Bridget and the others could have saved themselves by admitting to witchcraft, but they knew they were innocent and it was up to the state to prove it. The state did not, but still decided the hearsay of others was evidence enough to give a sentence of death. If we consider these people stood up for their rights, and justice failed them, lessons from this historical event should have taught subsequent generations not to make the same mistakes.
The death of Bridget Bishop and the other victims of the Salem Witch Trial hysteria should remind humanity that people should not judge others in haste. However, humanity still has not learned. Richard Glossip sits on death row for a crime he did not commit, but was convicted on the evidence of the actual murderer who claimed Glossip paid him to do it. There is no evidence he committed the crime or that he planned it except for the testimony of a convicted murderer who wanted a lighter sentence and to avoid the death penalty. How is this justice? Humanity has not learned, despite campaigns and protests for the courts to see logical sense.
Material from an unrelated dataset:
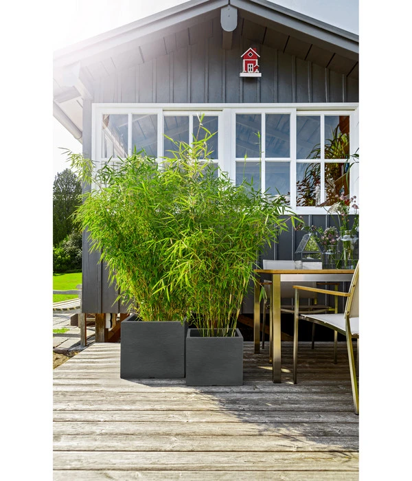 Quadratisch, edel, praktisch – die Charakterisierung passt perfekt auf diesen Blumenkübel Palermo aus Kunststoff. Die quadratische Form mit den ausgeprägten Kanten entspricht ganz dem modernen Design-Stil, ist aber zugleich so klassisch, dass sie garantiert auch in vielen Jahren noch gefällt. Edel ist die schöne Naturstein-Optik, in der sich der Pflanzkübel präsentiert. Seine raue Oberfläche wirkt, als sei er von einem Steinmetz aus echtem Schiefergestein gehauen und dann in die jetzige Form gebracht worden. Und so wirkt der Blumenkübel nicht nur von weitem, sondern auch bei näherem Hinsehen. Als ganz besonders praktisch erweist sich das Material, aus dem Blumenkübel tatsächlich ist. Er ist nämlich aus einem hochwertigen Kunststoff gefertigt, was ihn so robust im Outdoor-Leben macht. Der Pflanzkübel sieht zwar schwer aus, der Kunststoff macht ihn aber angenehm leicht, so dass Sie ihn auch einmal an einen anderen Ort tragen können. Außerdem ist er wetter- und sogar frostfest und kann das ganze Jahr draußen im Freien stehen, sofern Sie Staunässe vermeiden.

Justice is a right for all beings, Bridget Bishop’s death and sacrifice should remind others that the death penalty is not only wrong, but people should not be convicted when there is no evidence. Whether any of the accused were witches is irrelevant, as their deaths occurred because others wanted their land, and those in power abused their authority, and succumbed to public pressure to silence those who did not agree with them. I am sure they are still repaying their karmic debt as their descendants are too, but how can a civilized society, and one so advanced and prosperous still put people to death without any evidence?
R.I.P. Victims of the Salem Witch Trials ~ Humanity needs to learn from their sacrifices
Bridget Bishop (née Playfer; executed June 10, 1692)
Rebecca Nurse (née Towne; July 19, 1692)
Sarah Good (formerly Poole, née Solart; July 19, 1692)
Elizabeth Howe (née Jackson; July 19, 1692)
Susannah Martin (née North; July 19, 1692)
Sarah Wildes (née Averill; July 19, 1692)
George Burroughs (August 19, 1692)
George Jacobs, Sr. (August 19, 1692)
Martha Carrier (née Allen; August 19, 1692)
John Proctor (August 19, 1692)
John Willard (August 19, 1692)
Giles Corey (September 19, 1692; pressed to death when he refused to enter a plea)
Mary Eastey (née Towne; September 22, 1692)
Mary Parker (née Ayer; September 22, 1692)
Alice Parker (September 22, 1692)
Ann Pudeator (September 22, 1692)
Wilmot Redd (September 22, 1692)
Margaret Scott (September 22, 1692)
Samuel Wardwell, Sr. (September 22, 1692)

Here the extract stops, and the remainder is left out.